Unfortunately, whilst most media attention is focussed, somewhat rightly, on costs the value in the SMSF is in your ability to control it.

  1. You can control you tax position – when you buy and sell.
  2. You have access to your seat at the table opportunities, your buyback arbitrage, no index hugging holdings
  3. You control the fees you are willing to pay or not.

Most importantly in my view, you can see your money on a screen, you start to think about it like your other investments, it is your money again, which means you look after it. The psychological impact of this can not be understated.  

Today super is worth $1.8trn or about 25% of household net worth in Australia.  Outside of the family home (if you have one), it will likely be your biggest financial asset. For nearly all of Gen Y and most of Gen X, the step change in house prices will mean that it will probably be your biggest asset, and will remain your largest personal asset over your lifetime.

Back on topic – there are opportunities to make recurring savings in the thousands of dollars per year simply by being smart about what you do.
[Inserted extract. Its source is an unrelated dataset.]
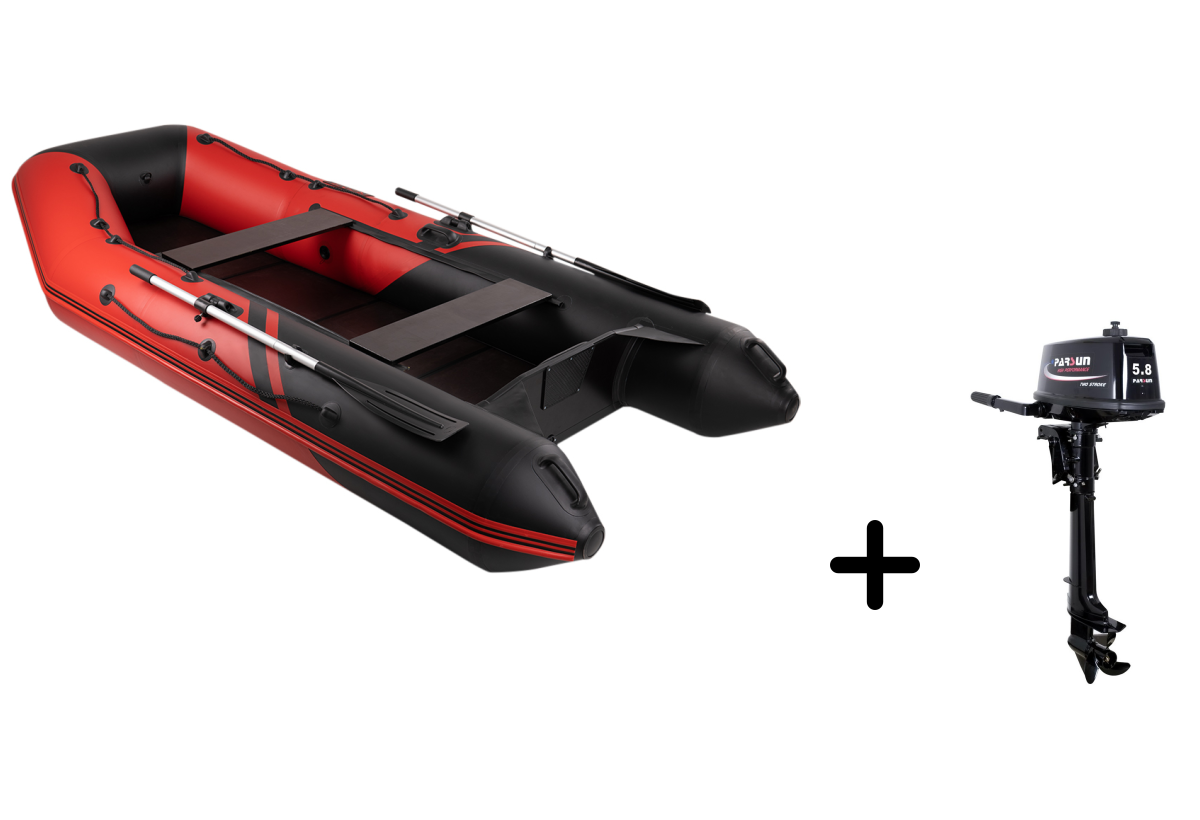 Представляем вашему вниманию стильное решение для рыбалки и путешествий — надувная лодка БРОНЯ-320 СК в динамичном красно-черном исполнении с надежным мотором PARSUN T 5.8 BMS. Этот тандем создан для тех, кто ценит комфорт и мощность.

Learn them


Our Model Entity Structure

This is our current trading structure that we adopt for a 2-person household.  You may want to do this in stages – ourfirst port of call was getting a SMSF sorted established and refinanced.

  1. Mr Smith:
    1. Low Cost Brokerage account.
    2. High interest savings account / low interest (mortgage) line of credit
    3. CFD Account
  2. Mrs Smith.
    1. Low Cost Brokerage account
    2. High interest savings account /low interest (mortgage)
    3. CFD Account
  3. Mr + Mrs Smith ATF for the Smithsonian SMSF.
    1. Low cost brokerage account
    2. Low cost super administrator
    3. High interest savings account
    4. CFD Account
  4. Smith Pty Ltd ATF for the Smithies Family Trust.
    1. Low Cost Brokerage account
    2. High interest savings account /low interest (mortgage)
    3. CFD Account

One final note, risk appetite is something that each person needs devote their own time to analysing, risk is not just about prices going up and down and how correlated that is with your sleeping patterns.  Legal risk is as big a class as Market Risk and here there are many shades of grey. You can push things a lot further than I am writing, take for example establishing multiple brokerage accounts in ones name to take advantage of 1-share opportunities for the same beneficial owner more than once. Make no mistake, it’s a breach of the Corporations Act, make no mistake though people breach the law all the time.